┌──

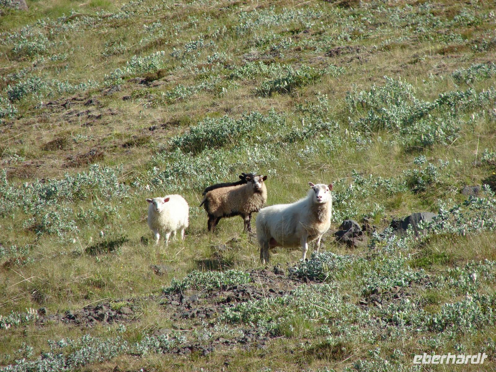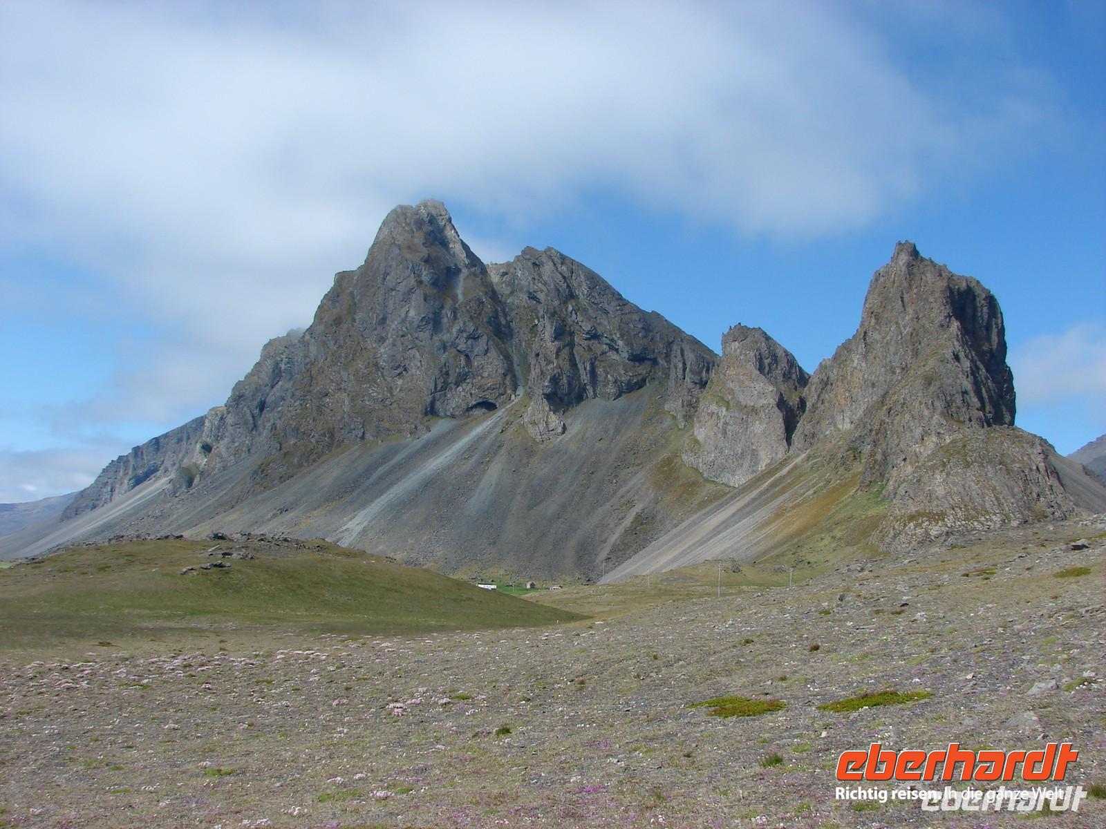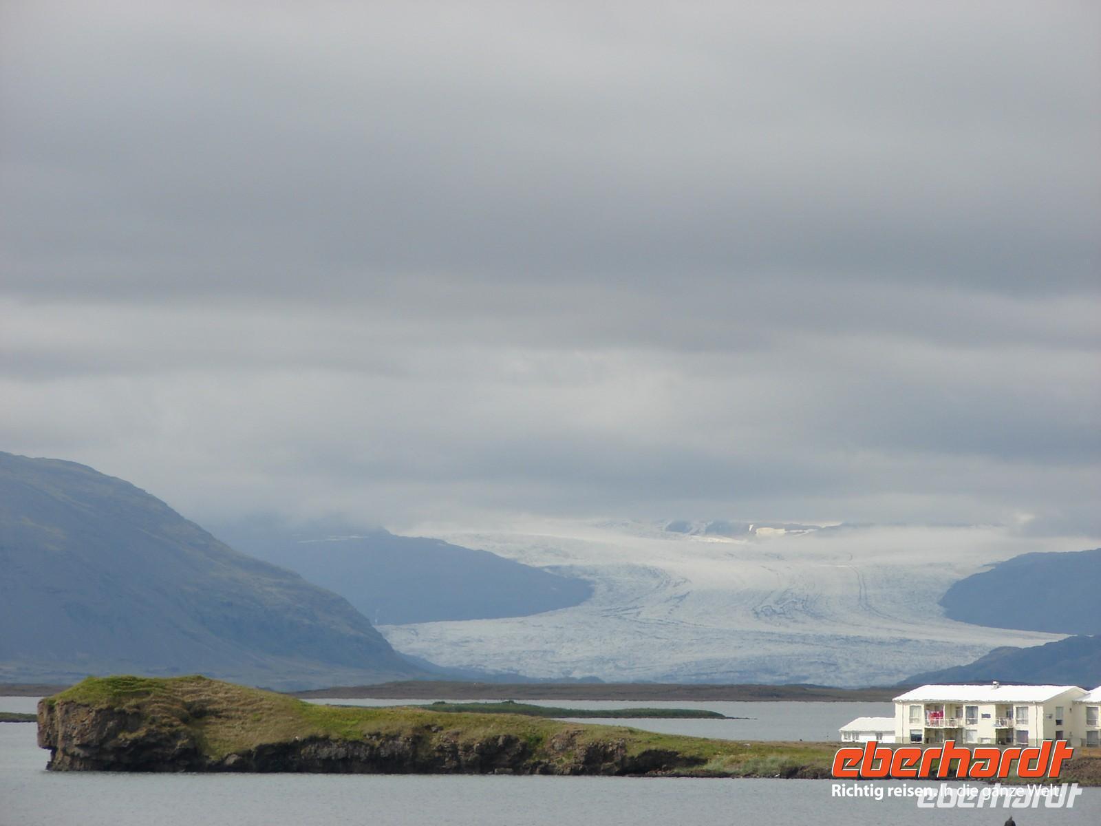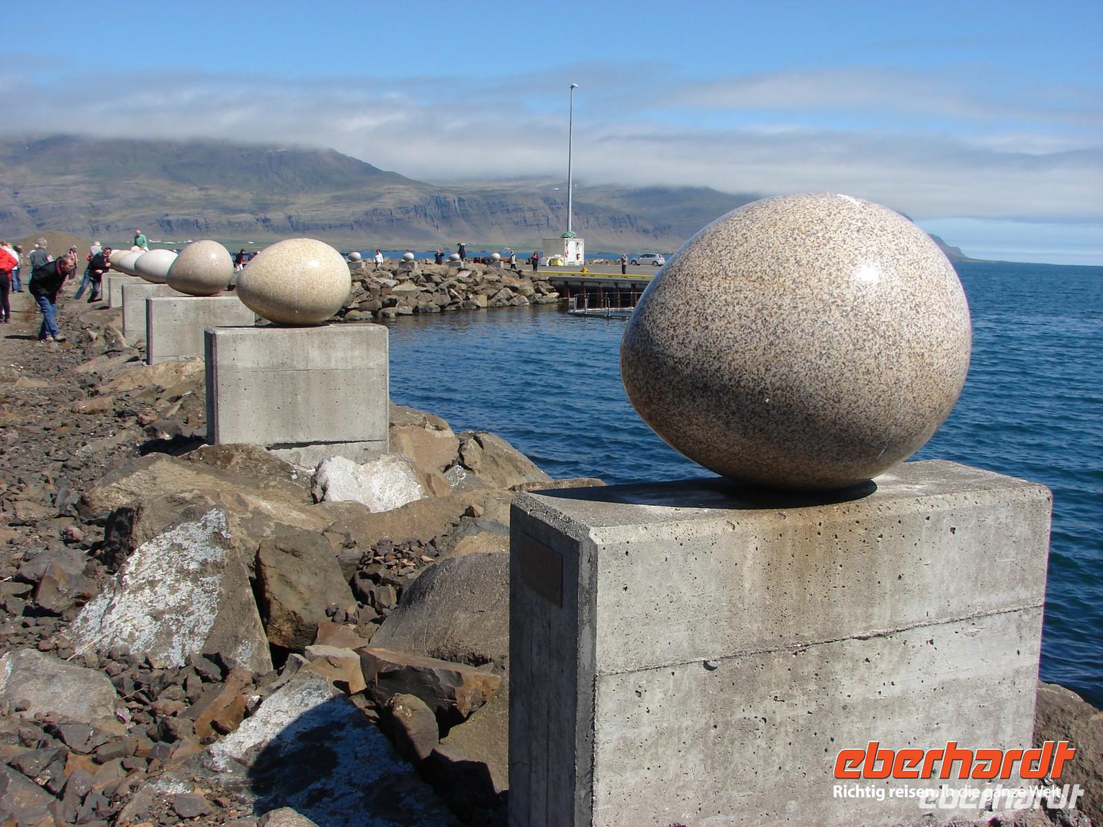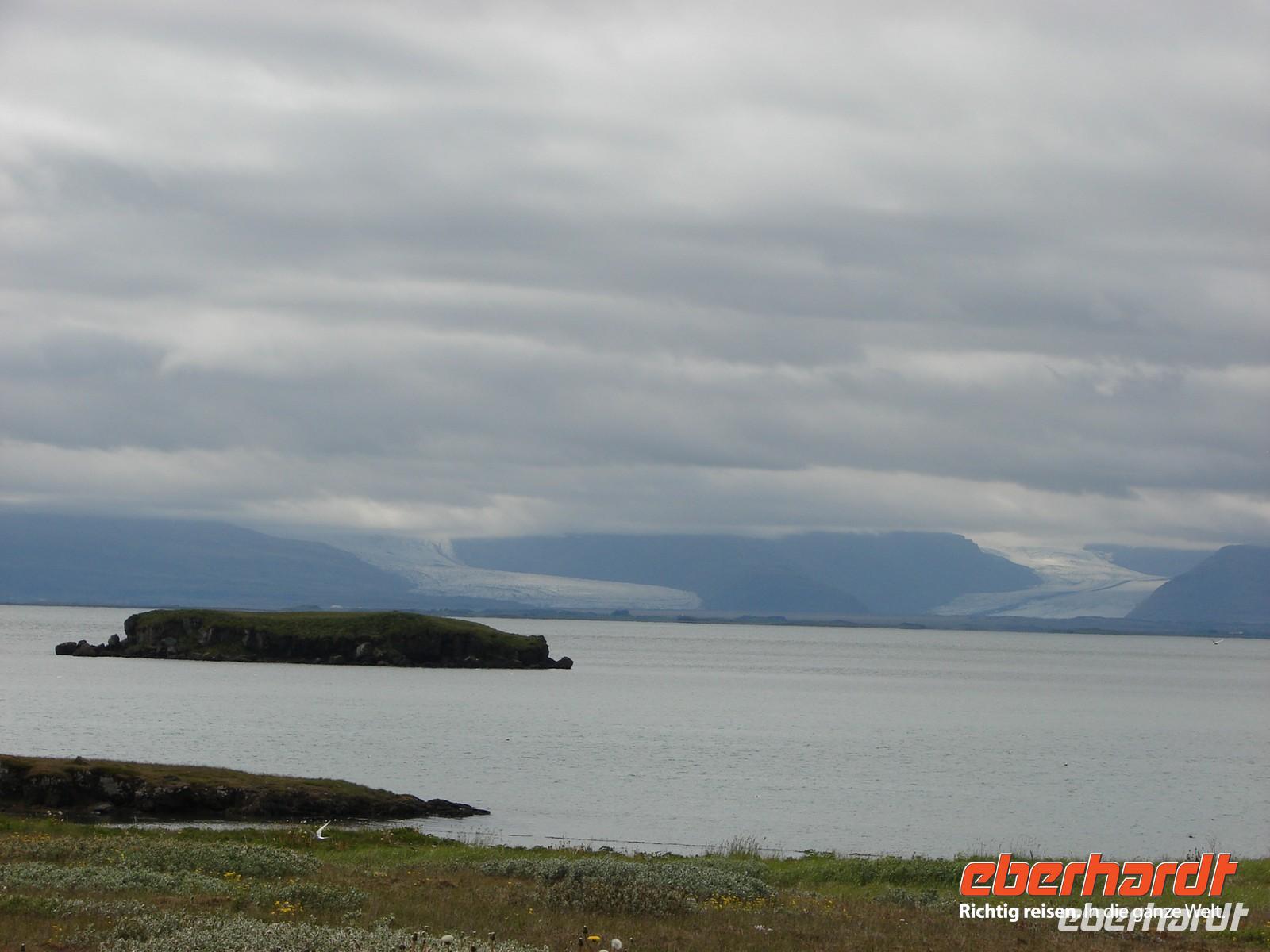 Bei traumhaftem Wetter starten wir zu unserer Fahrt entlang der Ostfjorde. Auf unsere Bitte stoppten Ole und Rosa kurz nach Egilsstadir, da wir ganz in der Nähe eine Schaffamilie sahen. So gern hätten wir ein Foto "mitgenommen", aber leider waren sie zu scheu und suchten schnell das Weite. Die erste Etappe führte uns nach Reyðarfjöður, einem kleinen Ort am gleichnamigen Fjord. Durch das hier erbaute Aluminiumwerk wurde er zu einem wichtigen Punkt in dieser Gegend. Nach dem kurzen Fotostop gab es eine kleine Schrecksekunde, denn die hintere Tür des Busses ließ sich nicht wieder schließen. Mit vereinten Kräften schafften wir es aber doch und der Bus ließ uns bis zum Ende unserer Reise nicht nochmal im Stich. Eine Überraschung erwartete uns in Petras Steinhaus - wär hätte das gedacht, welche Schätze in nach außen eher unscheinbar aussehenden Steinen zu finden sind. Gemütlich schlenderten wir durch den Garten und staunten, was man mit einer Sammelleidenschaft so alles zusammentragen kann. Mittags erreichten wir den Künstlerort Djúpivogur. Etwas außerhalb zeigte uns Rosa eine ungewöhnlich lange Reihe steinerner Eier auf. Auf etwa 30 bis 40 gewaltigen Betonsockeln thronen große polierte Steineier. Jedes der Eier besteht aus einem anderen in Island vorkommenden Gestein. Im Café des alten Langhaus Langabuð wollten wir eigentlich gemütlich Mittagessen, aber leider hatten sich das gleichzeitig auch mehrere andere Gruppen überlegt. Aber letztendlich bekam jeder sein gewünschtes Sandwich oder einen Kaffee. Richtig Spaß machte dann der Spaziergang am Strand mit dem Sammeln von Steinen. Wunderbar warm fühlten sich die kleinen Lavakiesel an und das Strandblauglöckchen wurde dabei aufgrund des komplizierten Namens zu unserer Lieblingsblume. Unser Quartier schlugen wir heute am Fuße des größten Gletschers in Höfn auf. Gut sichtbar von unserem Hotel ragten die Gletscherzungen des Vatnajökull fast bis zum Wasser. Alle freuten sich schon auf das besondere Erlebnis, abends den Gletscher mit dem Jeep oder dem Schneemobil näher zu entdecken. Leider machte uns am Abend der Nebel einen Strich durch die Rechnung und die Tour wurde abgesagt, weil man auf dem Gletscher die Hand vor Augen nicht sah - schade! Am Ende waren wir uns aber einig, lieber 9 nicht nur wettermäßig traumhafte Tage und einen im Nebel versunkenen als andersherum. Dafür gab es als kleinen Ausgleich zum Abendessen Hummer, was allen vorzüglich schmeckte.
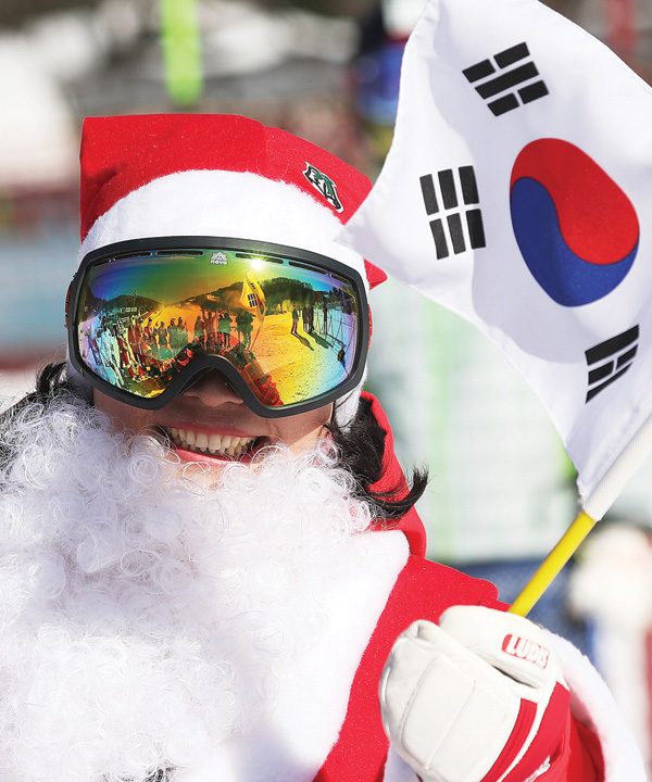 30일 오전 광주시 도척면 곤지암리조트에서 스키시즌 오픈을 기념해 열린 ‘미리 찾아온 산타클로스’ 행사에서 산타 복장을 한 스키어가 파이팅을 외치며 환하게 웃고 있다./연합뉴스
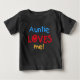 T-shirts Auntie Loves Me, long sleeve tees, raglan T-shirts, bodysuits, football bodysuits, tutu bodysuits, organic bodysuits, sleeveless dresses, ruffle dresses, ruffle shirts, hats, dark-shirts, sweatshirts, pults hoodies, rompers, and more for babies, kids, and toddler lers with a blue, red, and gold text and heart design that reads auntie loves Me, great for auntie's boy or girl !
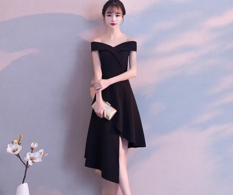 オフショルダーデザインとアシンメトリーなシルエットが、女性らしいセクシーさと上品なエレガンスを演出します。
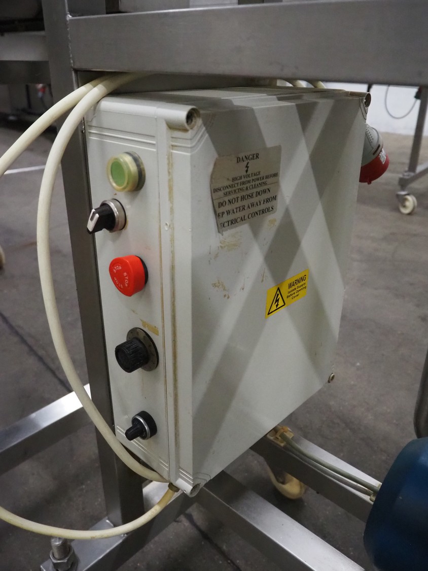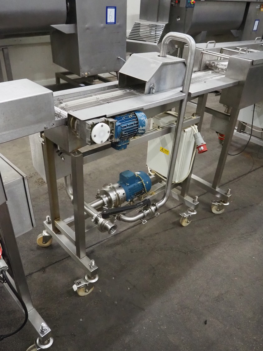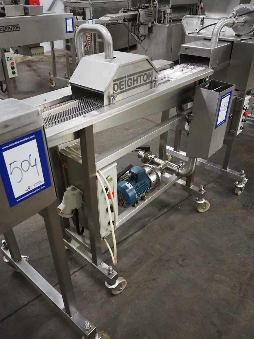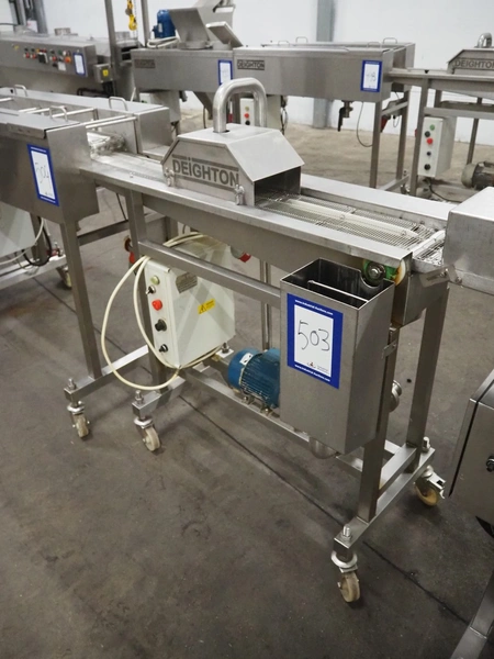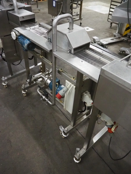 Deighton Manufacturing UK LTD mobile battering machine, s/s mesh belt, belt width: 220 mm, total dimensions: 1400 mm x 650 mm x 1300 mm.

└──

**TASK TO COMPLETE**
Please repeat the lines above from the line containing "オフショルダーデザインとアシ" through the final line, both included, exactly as they stand and without pictures.

**SOLUTION TO THIS EXERCISE**
 オフショルダーデザインとアシンメトリーなシルエットが、女性らしいセクシーさと上品なエレガンスを演出します。
 Deighton Manufacturing UK LTD mobile battering machine, s/s mesh belt, belt width: 220 mm, total dimensions: 1400 mm x 650 mm x 1300 mm.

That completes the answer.